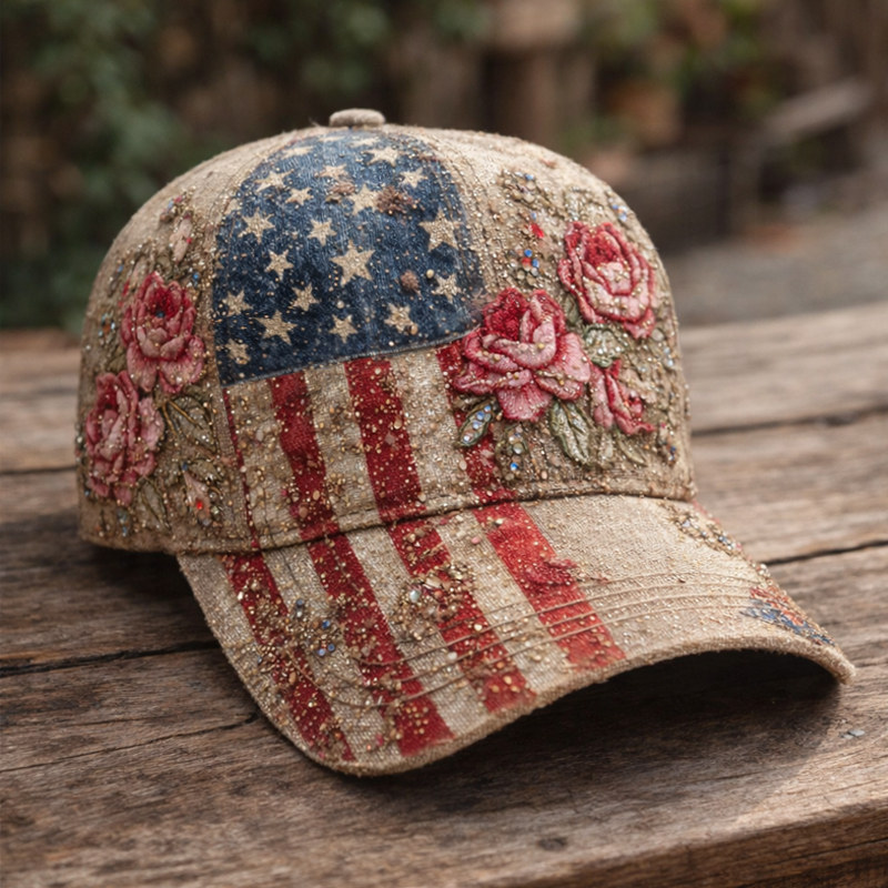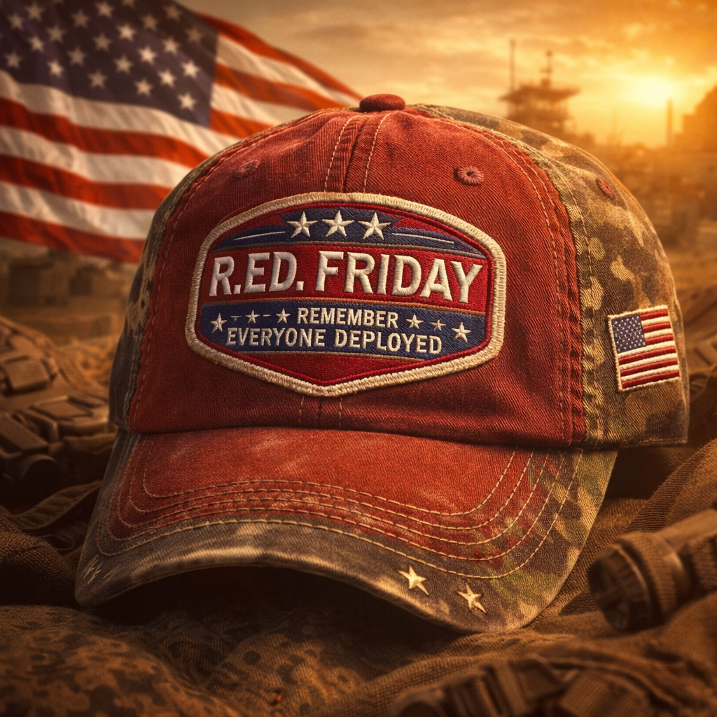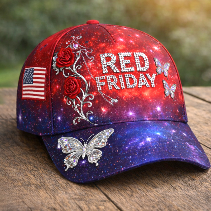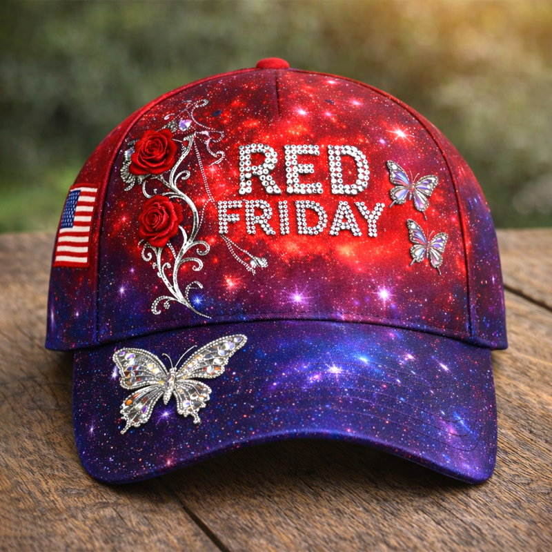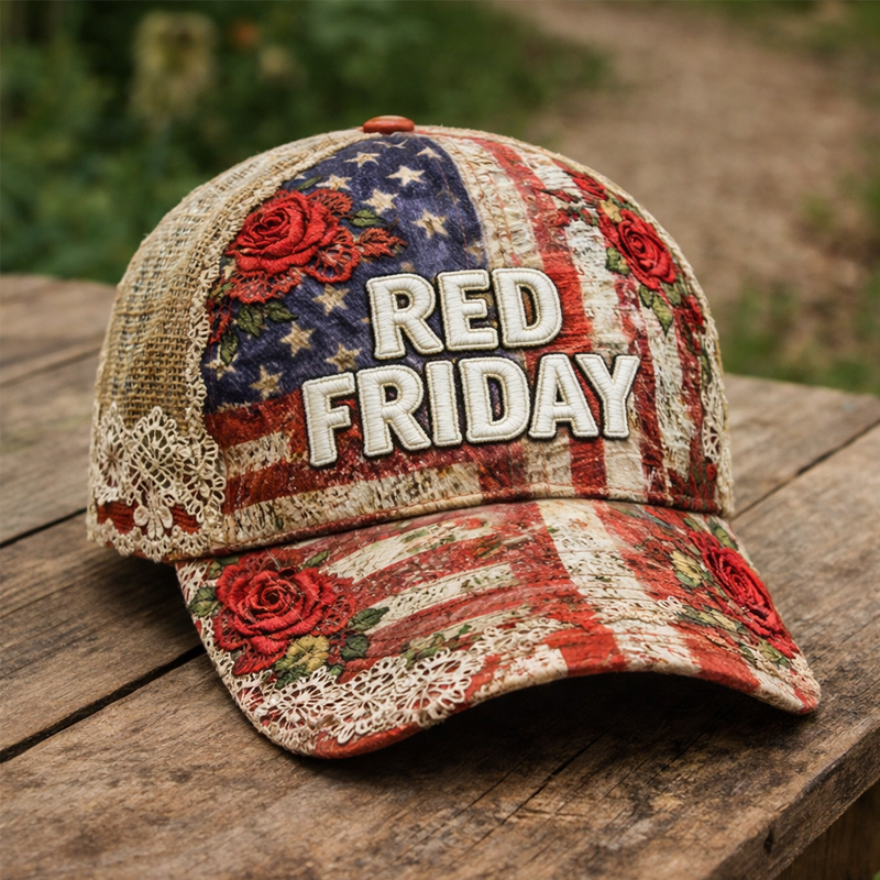 • Denim Patchwork Floral “Red Friday” Baseball Cap
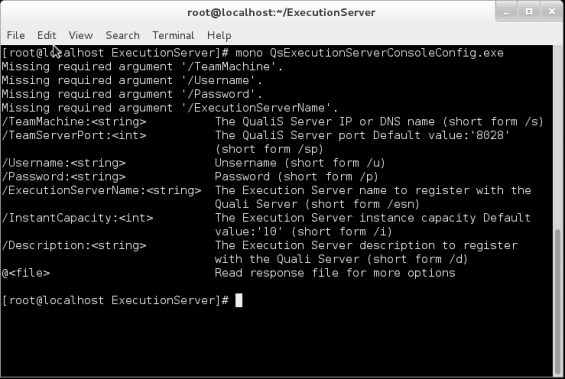 mono QsExecutionServerConsoleConfig.exe /s:192.168.1.66 /u:admin /p:admin /esn:my-exec
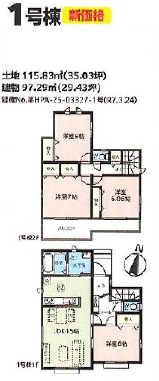 | 間取り | 4LDK 間取り内訳:リビングダイニングキッチン 15帖(1階)・洋室 6帖(1階)・洋室 6帖(2階)・洋室 7帖(2階)・洋室 6帖(2階) |
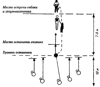 Попытка увода собаки за ошейник должна активно-агрессивно пресекаться собакой. При проверке этого элемента «злоумышленник» может давать любые команды, набрасывать корм на морду собаки, приближаться к собаке в любом темпе. Собака также должна обладать своеобразным тактическим мышлением: уклоняться или перехватывать удары, уметь вести борьбу со «злоумышленником», не имея возможности кусать его Если собака выполняет все вышеуказанные навыки, можно переходить к III блоку. III блок 1) Закрепление навыков самостоятельной работы. 2) Отработка «высокой атаки» (атака «килем»). 3) Работа по лежащему сопернику. 4) Отучивание от самостоятельного прекращения борьбы. 5) Фактор внезапности. 6) Шлифовка навыка «зона интенсивной охраны». 7) Отвлекающие факторы. Занятия 13—15 разделены для каждой собаки на две равнозначные части: работу на дрессировочной площадке и работу в реальных условиях. Основными являются навыки №№5, 6. Фактором внезапности является ситуация, когда злоумышленник в течение 5-7 минут усыпляет бдительность собаки (спокойный разговор с хозяином) и затем резко меняет линию поведения («вскидывание» оружия, замах, грубое обращение и т. д.). Собака должна мгновенно атаковать «злоумышленника». «Зона интенсивной охраны» является «профилирующим» навыком для телохранителя (рис. 17).
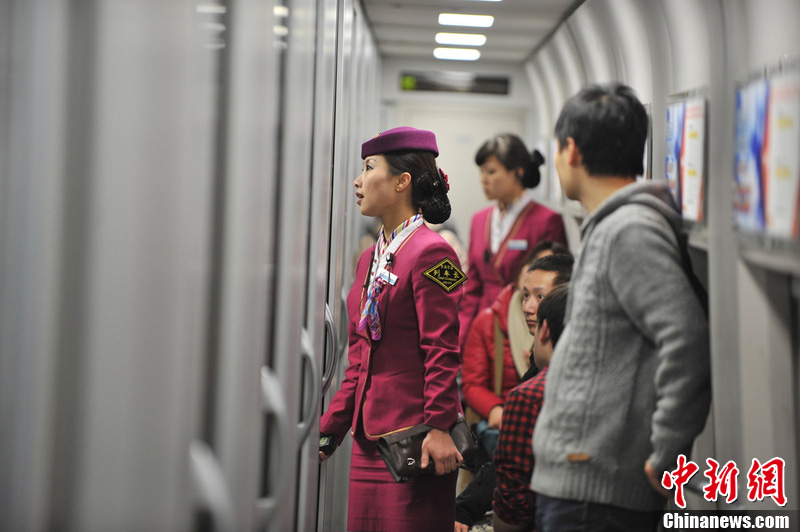 图为列车长陈丽娟需要对整列列车进行例行巡查,为旅客解决问题。图片来源:东方IC
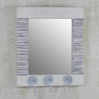 Ghanaian Wood Wall Mirror with Three Accessory Hooks 'Reflections of Tomorrow' Item ID: 2671803828
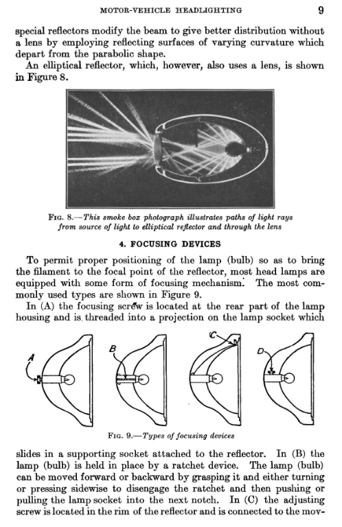 This page was a random choice out of many, it's an extremely condensed summary of that particular approach to vehicle lighting. For a more detailed example of the attempt to iterate towards a common standard you could read the 1919 Report of the 1916-1917 Committee on Automobile Headlamps here (downsampled to fit here and with thanks to the University of Toronto and the Internet Archive):
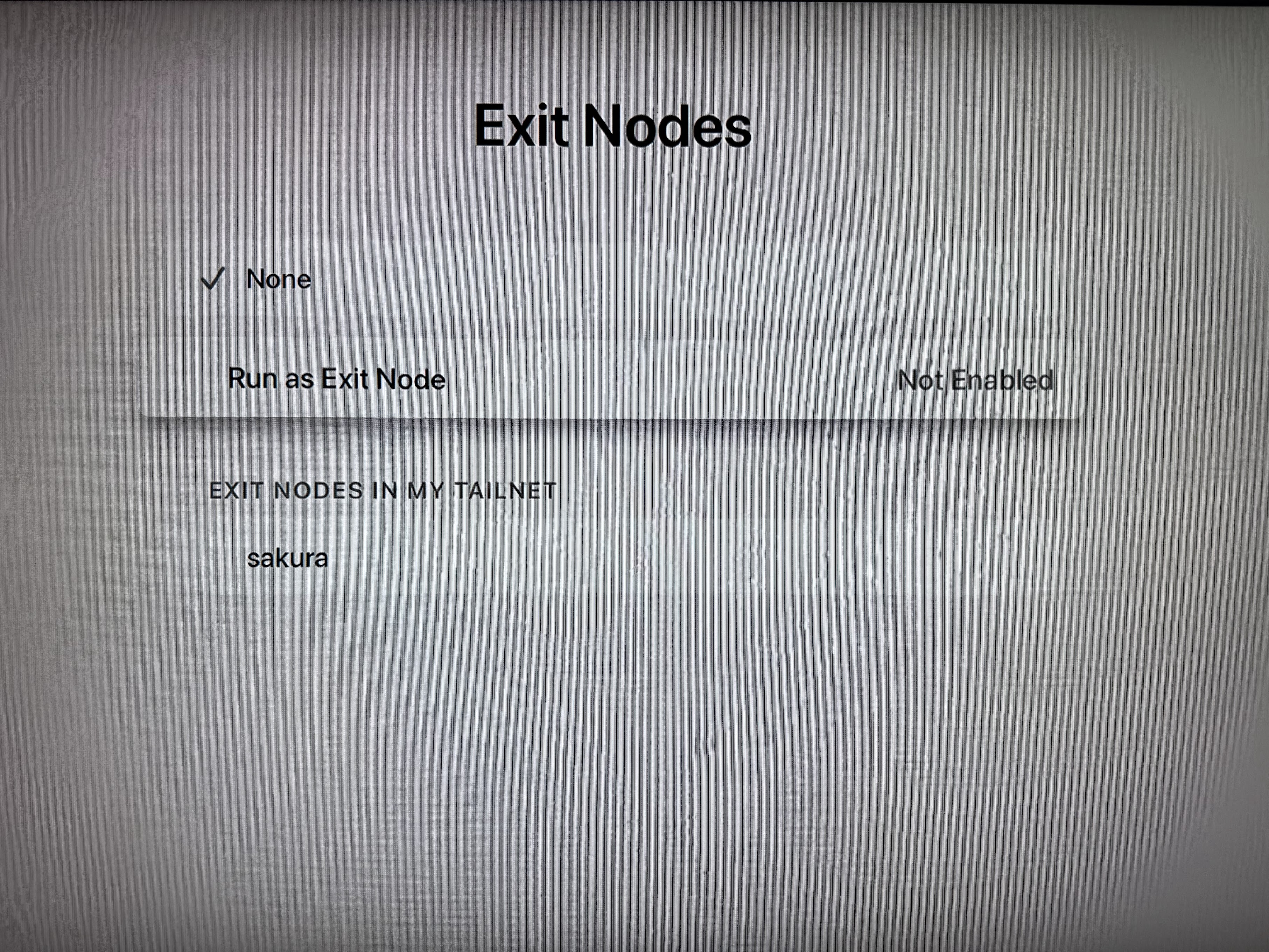 初回は「この設定を行うと、スマホからApple TV経由でインターネットに接続できるようになります」といった案内が表示されるので、「Run as Exit Node」で有効化します。

TASK
Output a precise copy of the entries, leaving the images out.

PROBLEM SOLUTION
 • Denim Patchwork Floral “Red Friday” Baseball Cap
 mono QsExecutionServerConsoleConfig.exe /s:192.168.1.66 /u:admin /p:admin /esn:my-exec
 | 間取り | 4LDK 間取り内訳:リビングダイニングキッチン 15帖(1階)・洋室 6帖(1階)・洋室 6帖(2階)・洋室 7帖(2階)・洋室 6帖(2階) |
 Попытка увода собаки за ошейник должна активно-агрессивно пресекаться собакой. При проверке этого элемента «злоумышленник» может давать любые команды, набрасывать корм на морду собаки, приближаться к собаке в любом темпе. Собака также должна обладать своеобразным тактическим мышлением: уклоняться или перехватывать удары, уметь вести борьбу со «злоумышленником», не имея возможности кусать его Если собака выполняет все вышеуказанные навыки, можно переходить к III блоку. III блок 1) Закрепление навыков самостоятельной работы. 2) Отработка «высокой атаки» (атака «килем»). 3) Работа по лежащему сопернику. 4) Отучивание от самостоятельного прекращения борьбы. 5) Фактор внезапности. 6) Шлифовка навыка «зона интенсивной охраны». 7) Отвлекающие факторы. Занятия 13—15 разделены для каждой собаки на две равнозначные части: работу на дрессировочной площадке и работу в реальных условиях. Основными являются навыки №№5, 6. Фактором внезапности является ситуация, когда злоумышленник в течение 5-7 минут усыпляет бдительность собаки (спокойный разговор с хозяином) и затем резко меняет линию поведения («вскидывание» оружия, замах, грубое обращение и т. д.). Собака должна мгновенно атаковать «злоумышленника». «Зона интенсивной охраны» является «профилирующим» навыком для телохранителя (рис. 17).
 图为列车长陈丽娟需要对整列列车进行例行巡查,为旅客解决问题。图片来源:东方IC
 Ghanaian Wood Wall Mirror with Three Accessory Hooks 'Reflections of Tomorrow' Item ID: 2671803828
 This page was a random choice out of many, it's an extremely condensed summary of that particular approach to vehicle lighting. For a more detailed example of the attempt to iterate towards a common standard you could read the 1919 Report of the 1916-1917 Committee on Automobile Headlamps here (downsampled to fit here and with thanks to the University of Toronto and the Internet Archive):
 初回は「この設定を行うと、スマホからApple TV経由でインターネットに接続できるようになります」といった案内が表示されるので、「Run as Exit Node」で有効化します。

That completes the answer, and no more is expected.